Co-operative tech support
I've gotten all the free software tech support I've needed in the past seven or eight years from email lists and IRC channels. Several of the email lists I'm on are primarily tech support for and by people who use free software in their jobs. And yet, over and over I hear that support is one of the great advantages of proprietary software. "Ah," says the proprietary software proponent, "when you buy software you have someone to blame when it messes up. You have a company that stands behind it."
Excuse me?
Has anyone ever read a proprietary software licensing agreement? (Here's a PDF download of Microsoft's license agreement for Windows XP Pro, in case you haven't.) Have you noticed that you never get any kind of warranty that matters, or that support beyond basic installation usually costs beaucoup bucks?
The "companies can't accept free tech support, they need someone to blame," argument has been done to death, and I have trouble believing it. I know plenty of corporate IT people who rely on free IRC and email group support for both free and proprietary software. And in countries where most proprietary software is obtained illegally, it's obvious that most proprietary software tech support isn't coming through formal channels.
None of this casual support registers as economic activity, but it obviously has some sort of value. How do we measure it? Can we measure it? Should we even try?
Companies that provide software support are as threatened by free software support as proprietary software companies are by free software, but we don't have IT support company executives making thunderous speeches about how helping your neighbor with a computer problem is going to ruin the economy, do we?
Knowledge is power
I've said the following words (or similar ones) while speaking in several developing countries:
One reason I support free and open source software everywhere is self-interest. FOSS is the greatest training tool for programmers ever developed, and for all I know the next world-changing genius programmer is here, in your country, not able to afford college.

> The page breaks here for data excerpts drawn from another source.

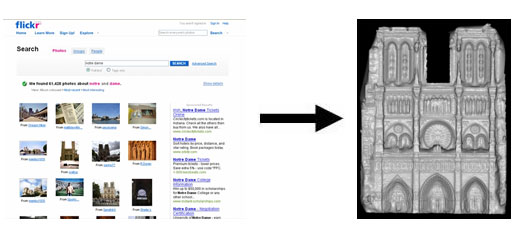 NewScientistTech riporta i punti salienti del progetto, sottolineando come, ad esempio, esistano su Flickr ben 500.000 immagini ritraenti la cattedrale di Notre-Dame a Parigi. Le immagini sono riprese in svariate angolazioni e in condizioni di luce a volte molto diverse e questo rappresenta un problema per la costruzione dei modelli 3D.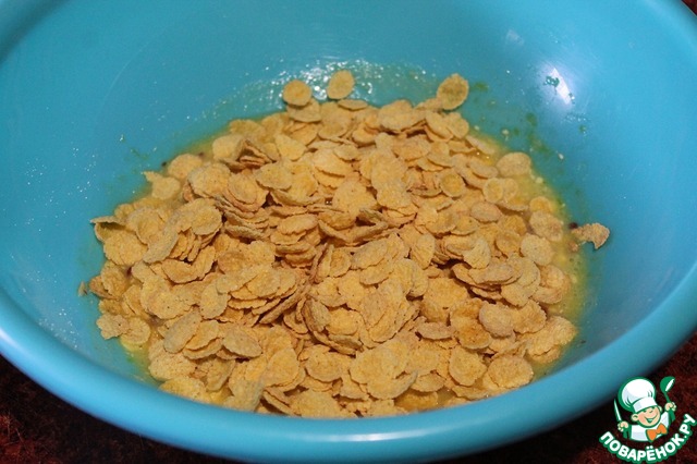 Добавляем половину кукурузных хлопьев (те, что готовые завтраки))).
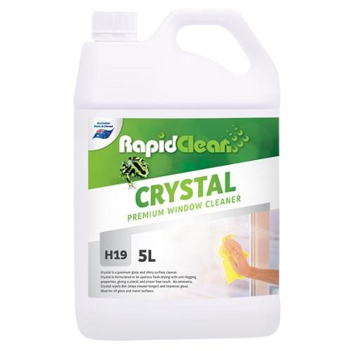 RapidClean Crystal is a premium glass and shiny surface cleaner. Crystal is formulated to be spotless flash drying with anti-fogging properties, giving a streak and smear free result. No ammonia, Crystal repels dirt and improves gloss. Crystal is safe for use on all glass and metal surfaces. It is fast drying and provides and streak and smear free result. Size: 5L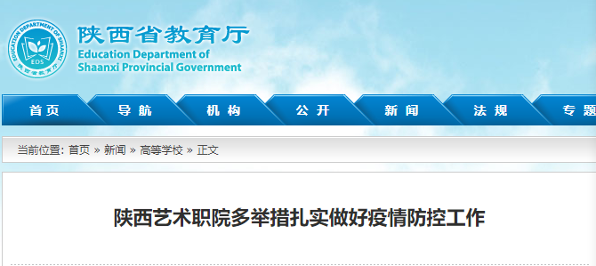 自新冠肺炎疫情暴发以来,陕西艺术职业学院凝心聚力、多措并举,扎实做好疫情防控工作,守护学生生命健康安全。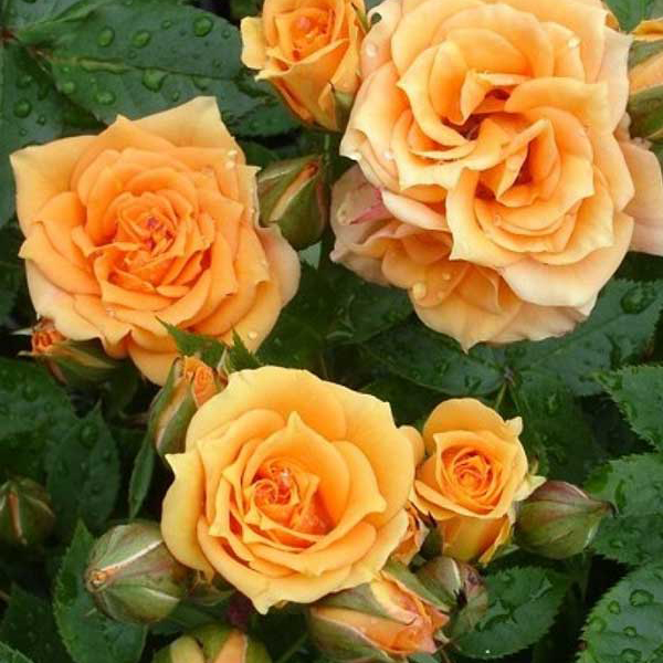 Клементина - це бордюрний сорт, що належить до групи мініатюрних троянд. Кущ виростає не більше, ніж на півметра у висоту, і посипаний маленькими густомахровими квіточками діаметром 4-5 см. Ніжні бутони чашоподібної форми зібрані у великі суцвіття і формуються по 5-10 штук на стеблі. Завдяки своєму теплому абрикосово-помаранчевому з персиковими нотками забарвленню вони впадають у вічі. Квітки цього сорту ароматні, проте їхній запах не надто інтенсивний. Завширшки чагарник зазвичай не сильно розростається: мінімум на 40, максимум - на 60 см. Він прямостоячий і сильнорослий. Пагони рослини мають яскраво виражену тенденцію до розгалуження, але досить міцні і вимагають опори. Компактний кущ покриває темно-зелене листя з глянсовою поверхнею, що створює контрастне тло для ніжних квіток. Квітне Clementine практично безперервно протягом усього сезону. Чудові бутони з'являються на культурі завжди у великій кількості. Саджанець упакований у пакет із торфом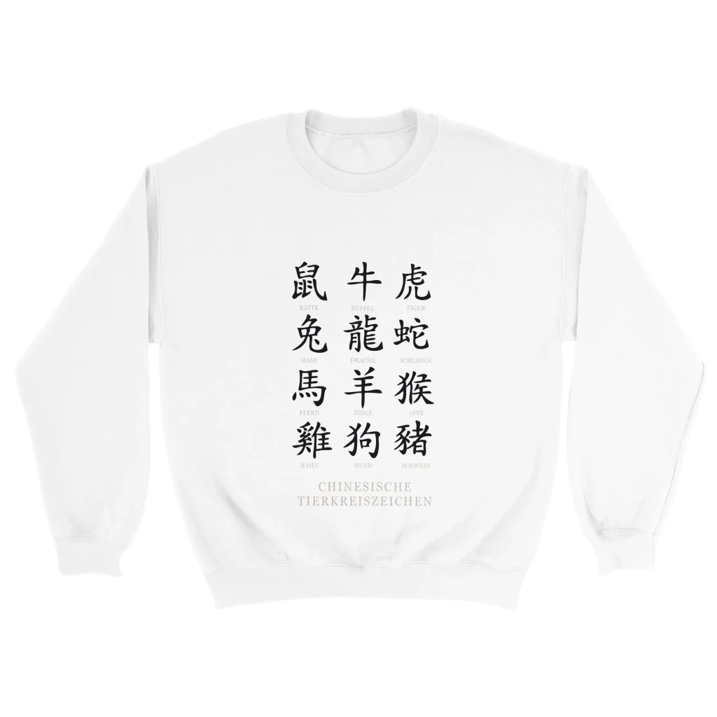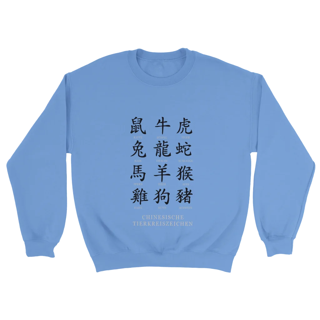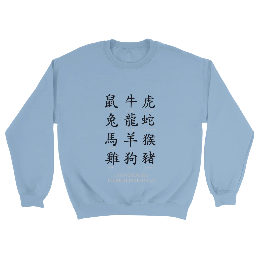Chinese Zodiac Animals Poster with Calligraphy – Chinese Tierkreiszeichen Chart (German Labels) Classic Unisex Crewneck Sweatshirt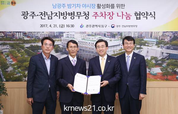 광주 동구(청장 김성환)가 지난 21일 광주·전남지방병무청(청장 장헌서)과 부설주차장 공유협약식을 맺고 남광주밤기차야시장 개장일에 병무청 주차장을 방문객들에게 무료 개방한다.

If we put a computer running GNU/Linux and open source applications in that person's hands, or give that person access to a public computing center that runs GNU/Linux, everyone in the world -- including me -- may someday benefit from that person's work.
There is no reason to believe that the next great genius programmer will be white, male, and European or American. For all we know, a shoeless slum child in Brazil, Egypt, or Mexico has more programming talent than Linus Torvalds. We must make sure she has access to computers, and specifically to computers filled with software she can take apart to see how it works, not software whose source code is hidden from her.
Learning how to push buttons in Windows is nice, but it won't teach you how the software behind the buttons works. We realize that most users will never look at source code, but it is an invaluable training tool for anyone who may need to write or modify code one day, and any school or other public or semi-public computer facility that doesn't make plenty of open source software available to youngsters who are interested in computers is short-changing them.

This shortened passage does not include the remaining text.